# 4. MalRNN을 이용한 변종 문서형 Stream Data 생성
* 필요한 package 다운로드 확인 및 적용

In [None]:
# !pip install torch
# !pip install numpy

In [None]:
import numpy as np
import torch
from rnn_model import CharRNN

## 1. Stream byte 생성 함수 구축

In [None]:
def generate_byte(model, base_stream, device, len_to_predict=1000, temperature=0.8):
    hidden_state = model.init_hidden(1).to(device)
    base_input = torch.LongTensor(base_stream).unsqueeze(0).to(device)
    predict = base_stream

    for p in range(len(base_stream) - 1):
        _, hidden_state = model(base_input[:, p], hidden_state)

    output_result = []
    model_input = base_input[:, -1]
    for p in range(len_to_predict):
        output, hidden_state = model(model_input, hidden_state)
        output_result.append(output)

        output_dist = output.data.view(-1).div(temperature).exp()
        predict_stream = torch.multinomial(output_dist, 1)[0]

        predict = np.append(predict, predict_stream.detach().cpu())
        model_input = (
            torch.tensor(predict_stream, dtype=torch.long).unsqueeze(0).to(device)
        )

    return predict.tolist(), output_result

## 2. 변종 문서형 Byte Stream 생성 과정 구축

In [None]:
with open("../data/4_critical_example.txt", "r") as f:
    critical_base = f.read().split(",")
    critical_base = [int(x) for x in critical_base]

In [None]:
### byte stream 생성 과정 구축 ###
# TODO
# 1. 학습장치 할당
# 2. model 호출 및 weight load 후 모델의 학습장치 할당
# 3. generate_byte 함수를 통한 byte stream 생성
# 4. 생성된 byte를 합친 변정 byte stream 생성
device = torch.device("cuda") if torch.cuda.is_available() else torch.device("cpu")

model = CharRNN(
    input_size=256,
    hidden_size = 100,
    output_size=256,
    model="gru",
    n_layers=1
)
model = torch.load("../data/malRNN_doc.pt")
model.to(device)

new_byte = generate_byte(model=model, base_stream=critical_base, device=device)
generated_byte = bytearray(critical_base) + bytearray(new_byte[0])

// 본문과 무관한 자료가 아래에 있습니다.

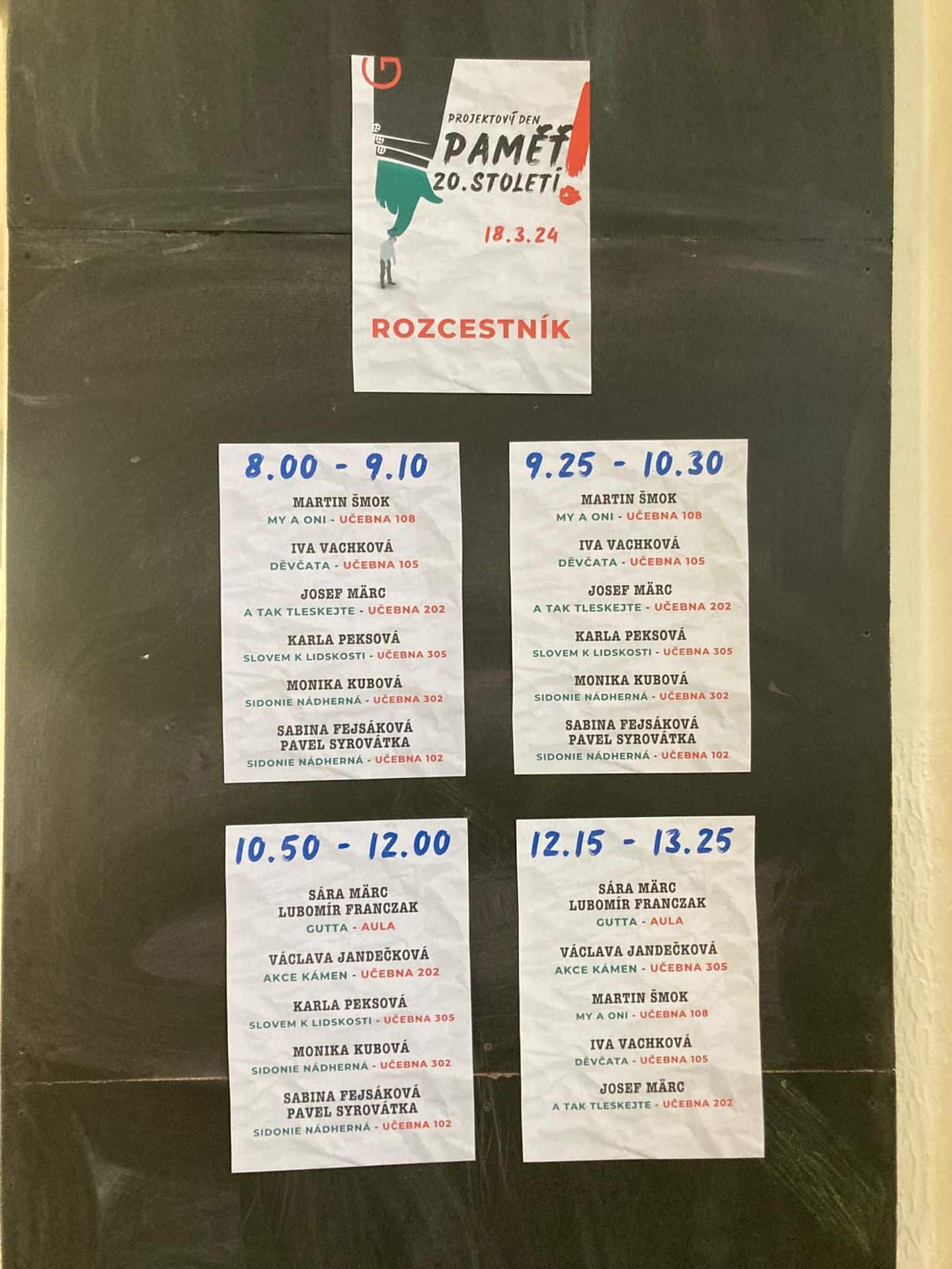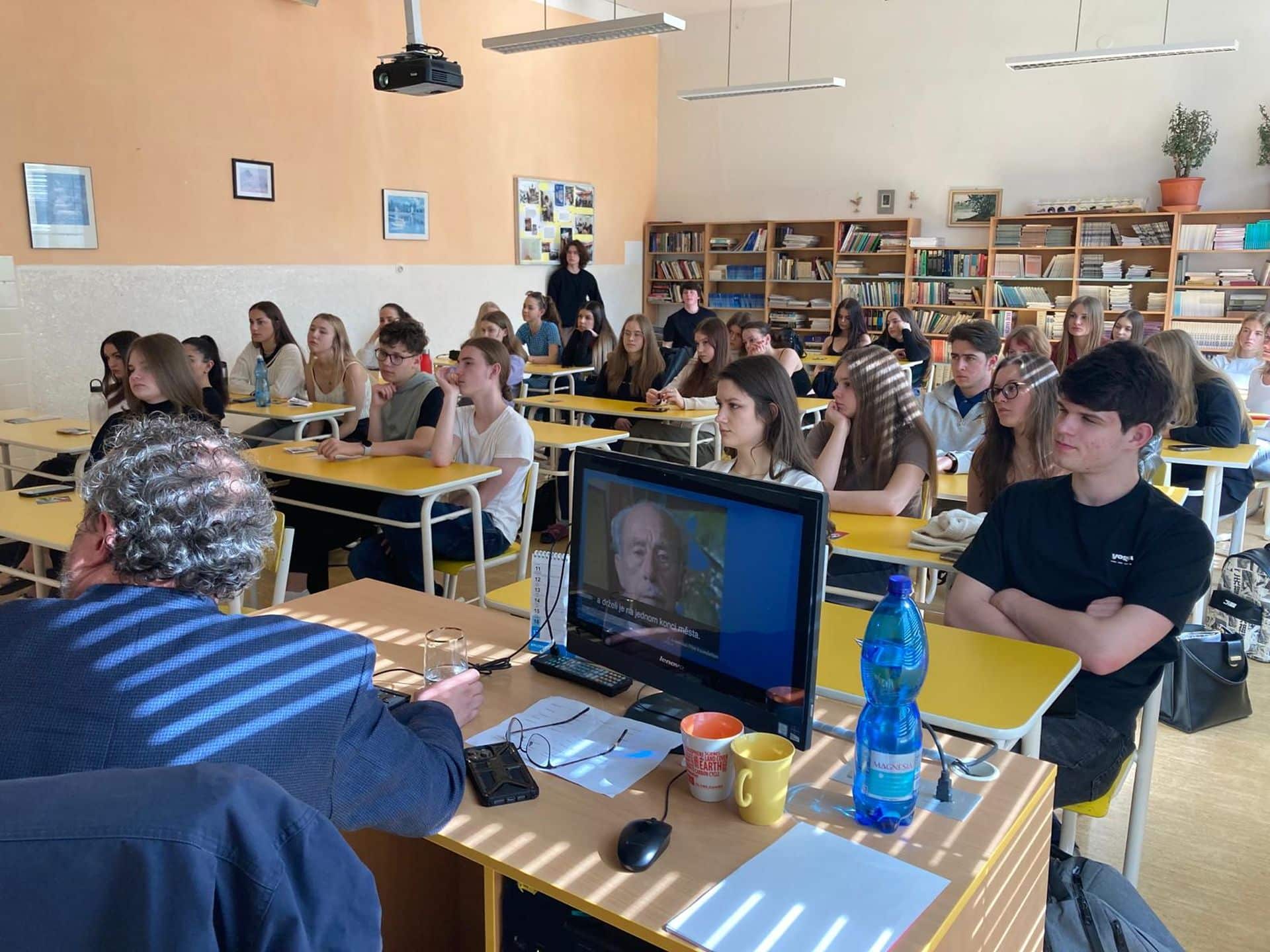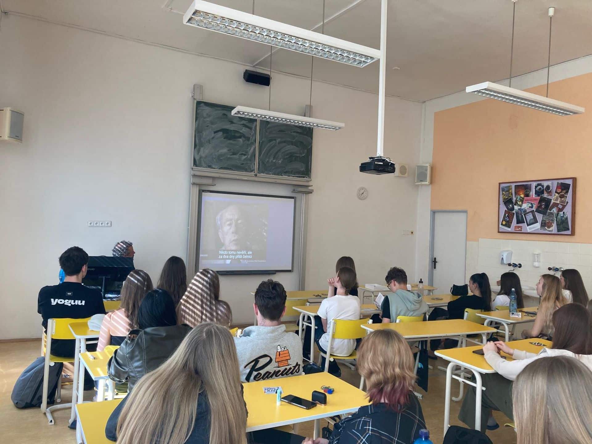 Většinu studentů vyššího gymnázia čekal v pondělí 18. března projektový den k moderním dějinám a mediální výchově. Předem si mohli napříč třídami zvolit, jakých workshopů a přednášek se zúčastní, či zda je zajímá performance Gutta. Od osmi do půl druhé vystřídali čtyři lekce, mezi nimi měli přestávky. Protože lekce trvaly 70 a přestávky jen 15 minut, rozhodli jsme se, že příště o jednu lekci ubereme a přestávky prodloužíme. Aby si studenti stihli sdělit dojmy, dojít do další učebny, nasvačit se. Po celý týden jsme se v hodinách dějepisu, ZSV i češtiny či angličtiny k pondělní akci vraceli a se studenty ji reflektovali. Jejich ohlasy byly ve velké převaze velice pozitivní, každému se líbilo něco, mnohým se líbilo všechno. Nejvíce oceňovali ty workshopy, které je donutily dívat se jinak, ptát se tak, jak je zatím vůbec nenapadlo.

## 3. 변종 Byte Stream 탐지 회피 여부 확인

In [None]:
from MalConv import MalConv
import torch.nn.functional as F

In [None]:
def detect(malconv, stream_data):
    stream_data = torch.from_numpy(np.frombuffer(bytearray(stream_data), dtype=np.uint8)[np.newaxis, :])
    output = malconv(stream_data)
    output = F.softmax(output, dim=-1).detach().numpy()[0,1]
    return output

malconv = MalConv(channels=256, window_size=512, embd_size=8)
malconv_weight = torch.load("../data/malconv_doc.pth")
malconv.load_state_dict(malconv_weight)

In [None]:
detect(malconv, critical_base)

In [None]:
detect(malconv, generated_byte)